[Start of Attachment]

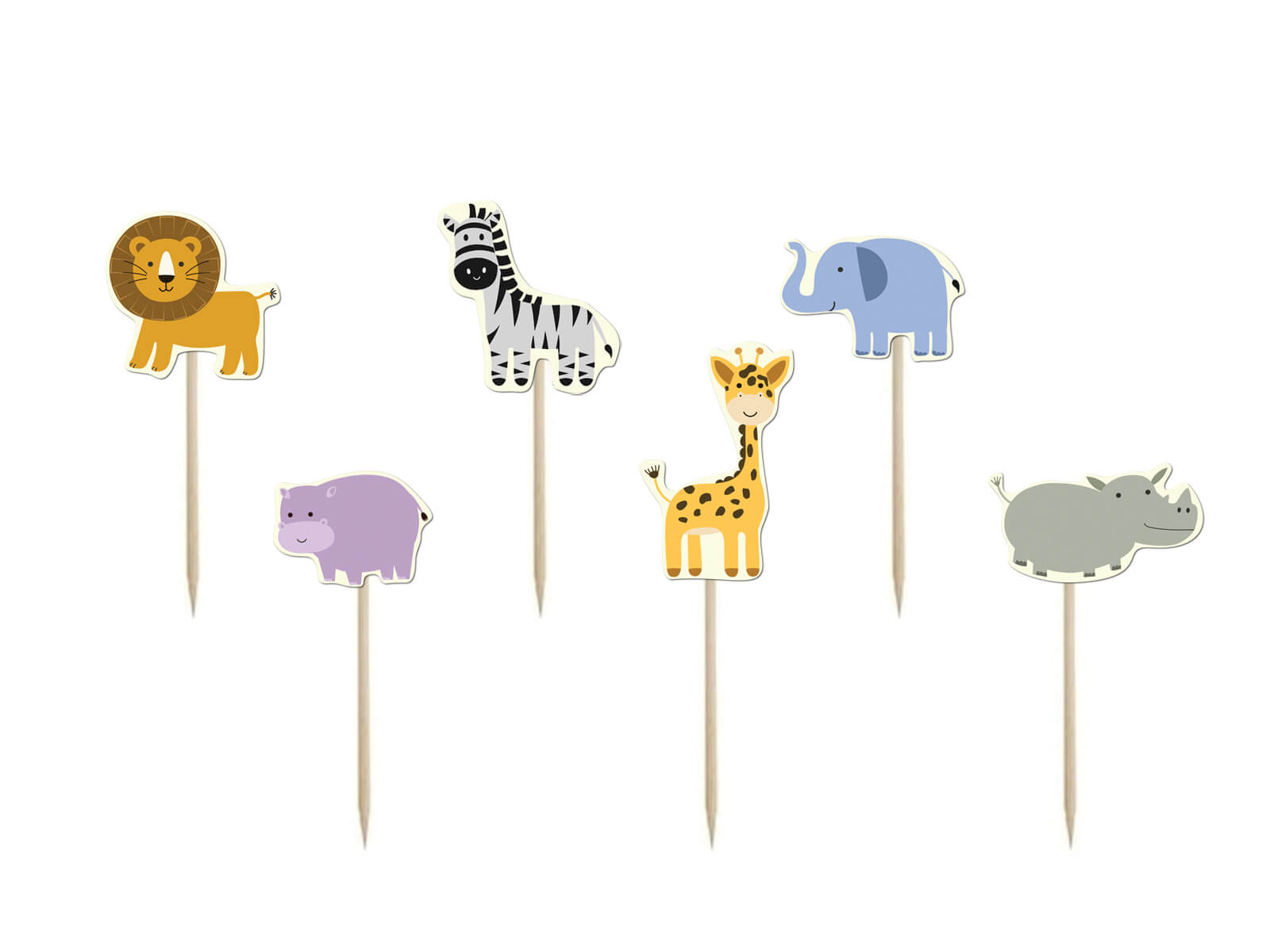 Pikery dekoracje do muffinek babeczek zwierzęta Safari kształty, 6 szt.
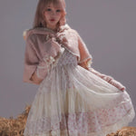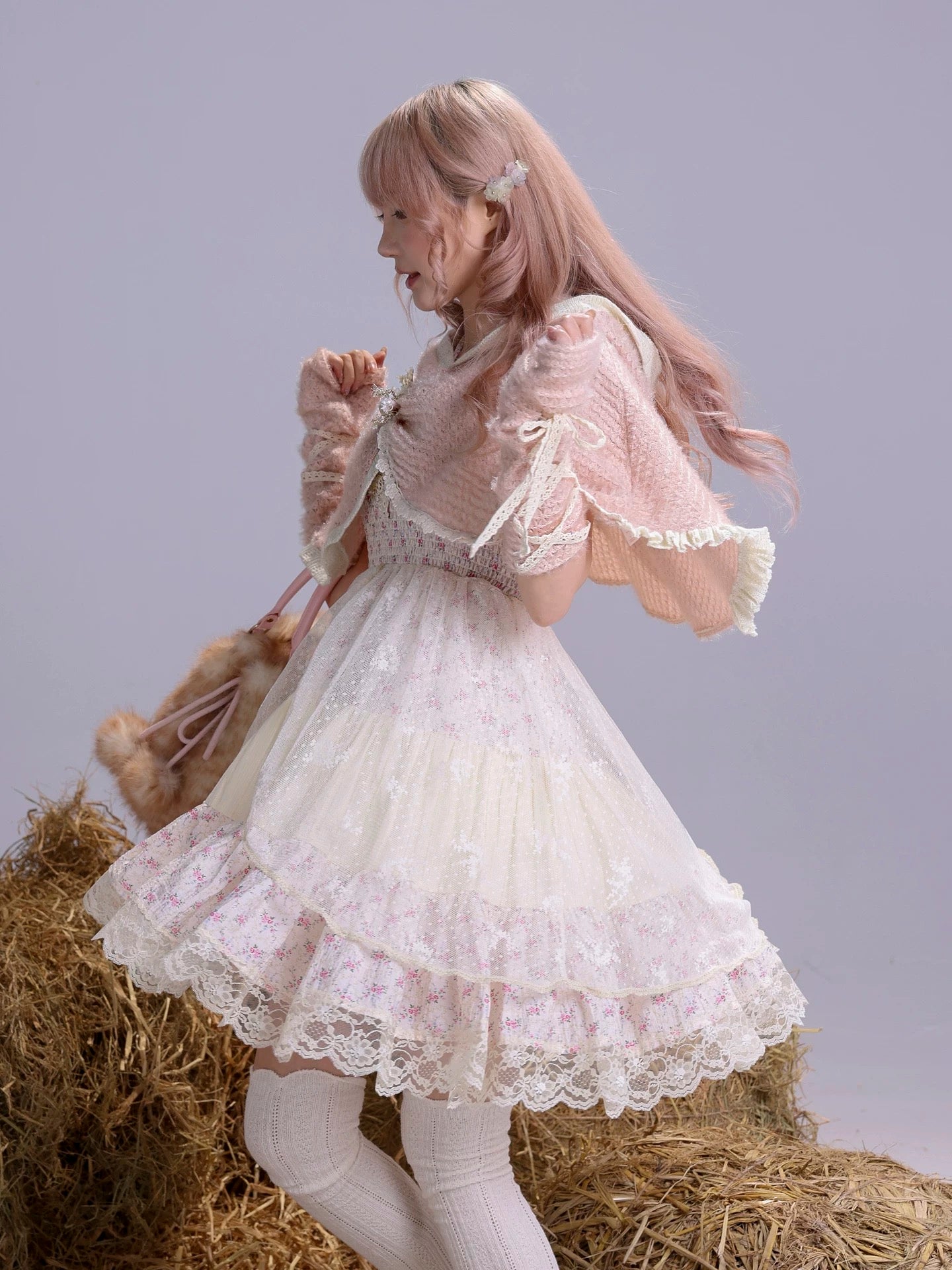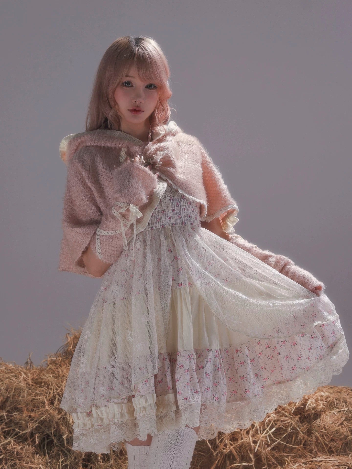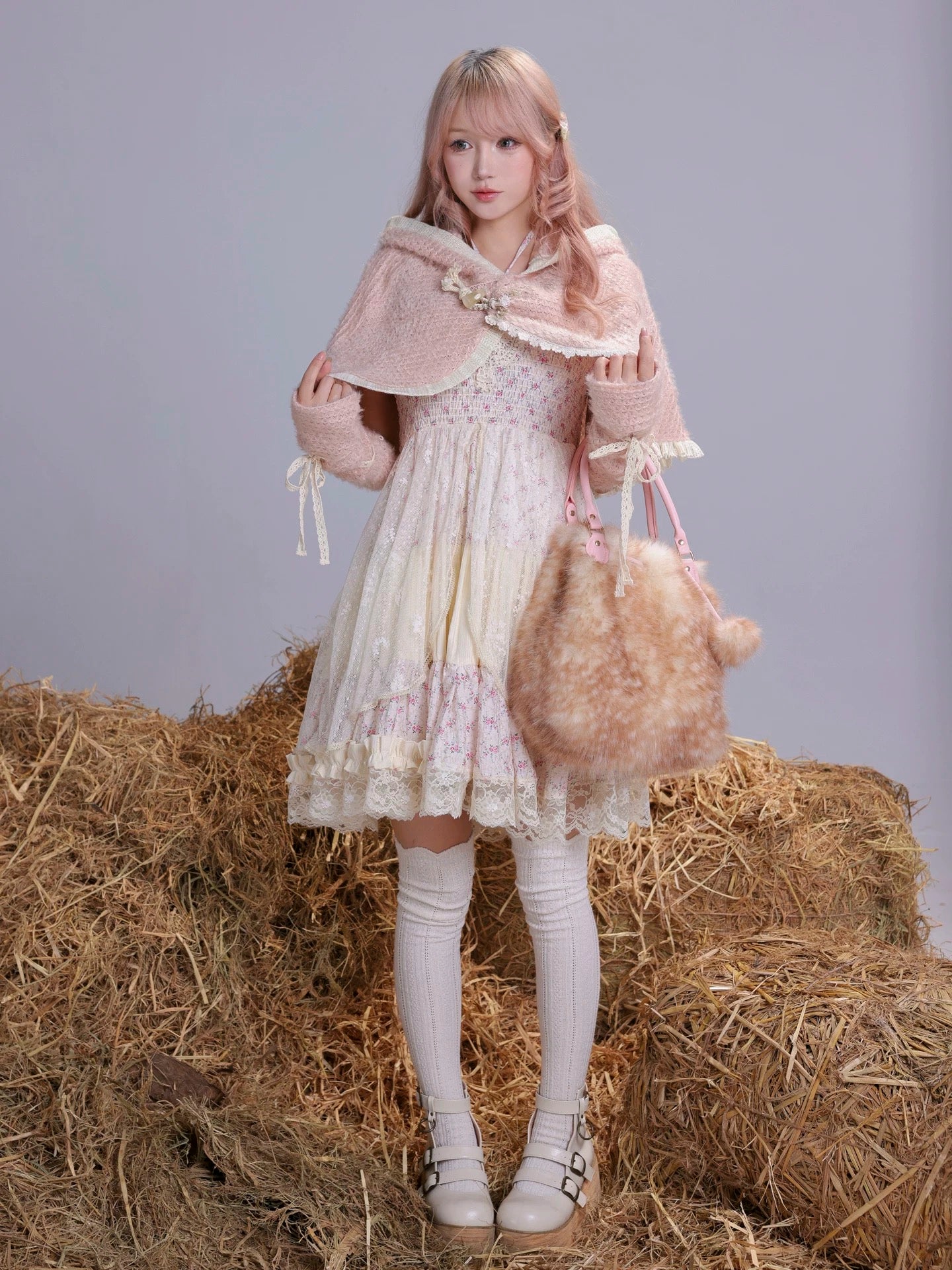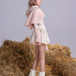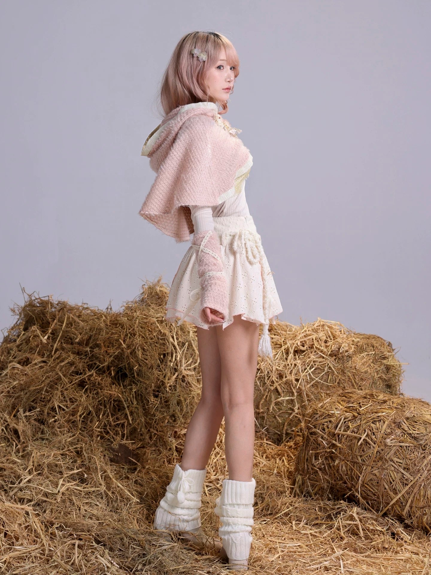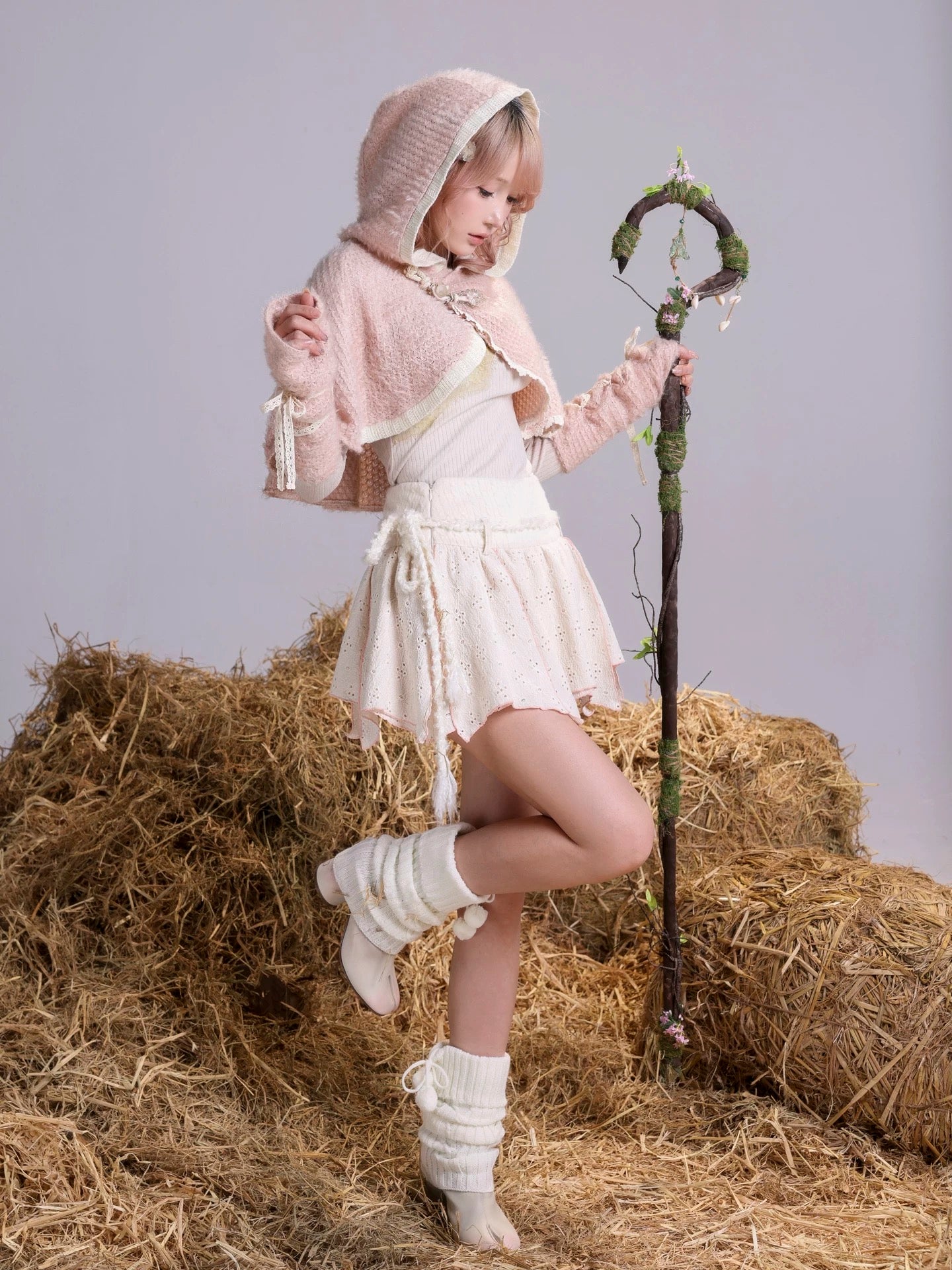 Soft as autumn clouds, this knitted cape in blush pink carries a gentle, storybook charm. The fluffy mohair-touch knit feels light yet warm, while delicate lace trims and ribbon ties whisper of woodland magic. With its matching lace-up cuffs and hood design, this piece captures the spirit of forest elves—innocent, cozy, and a little mysterious.
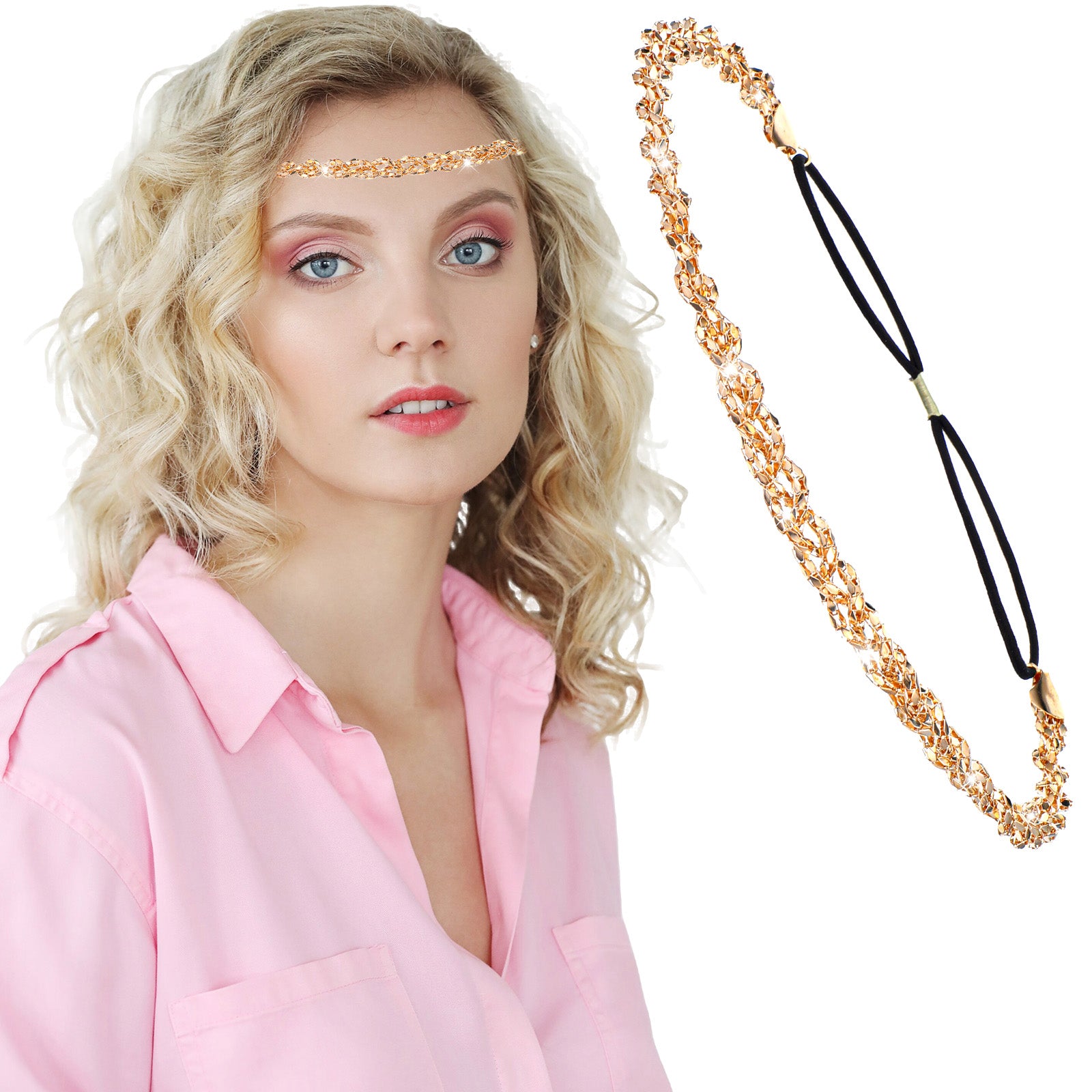 Function and Use: This chic metal-textured braided chain headband is perfect for adding a touch of elegance to any outfit. Whether you're dressing up for a special occasion or adding a stylish accessory to your everyday look, this headpiece is a must-have.
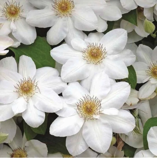 Клематисы сорта Ежи Попелушко без всякого преувеличения можно назвать одним из самых красивых цветков летнего сада. С наступлением мая на лиане, достигающей 3 метров в высоту, начинают распускаться белоснежные соцветия, перед красотой которых склоняют головы даже самые опытные цветоводы. При виде обильно цветущего Ежи Популушко кажется, что это не растение, а спустившееся с небес на землю пушистое белое облако. В самом сердце соцветий – изящные кремовые нити-тычинки, на вершине которых расположились пыльники ароматного кофейного цвета.
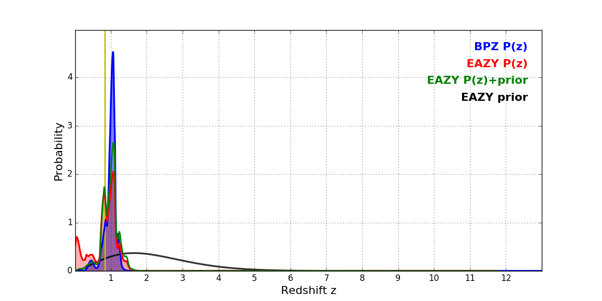 In P(z) plots: Yellow lines mark the cluster redshift z = 0.833,
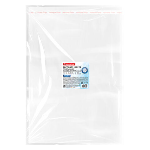 Пакеты БОПП с клеевым клапаном, КОМПЛЕКТ 100 штук, 30х40 + 4 см, 53 мкм, с усиленным швом, BRAUBERG

[End of Attachment]

EXERCISE: Starting with the line that contains "In P(z) plots: Yellow", copy every line word for word through the end of the listing above, but leave out the pictures.

SOLVED PROBLEM:
 In P(z) plots: Yellow lines mark the cluster redshift z = 0.833,
 Пакеты БОПП с клеевым клапаном, КОМПЛЕКТ 100 штук, 30х40 + 4 см, 53 мкм, с усиленным швом, BRAUBERG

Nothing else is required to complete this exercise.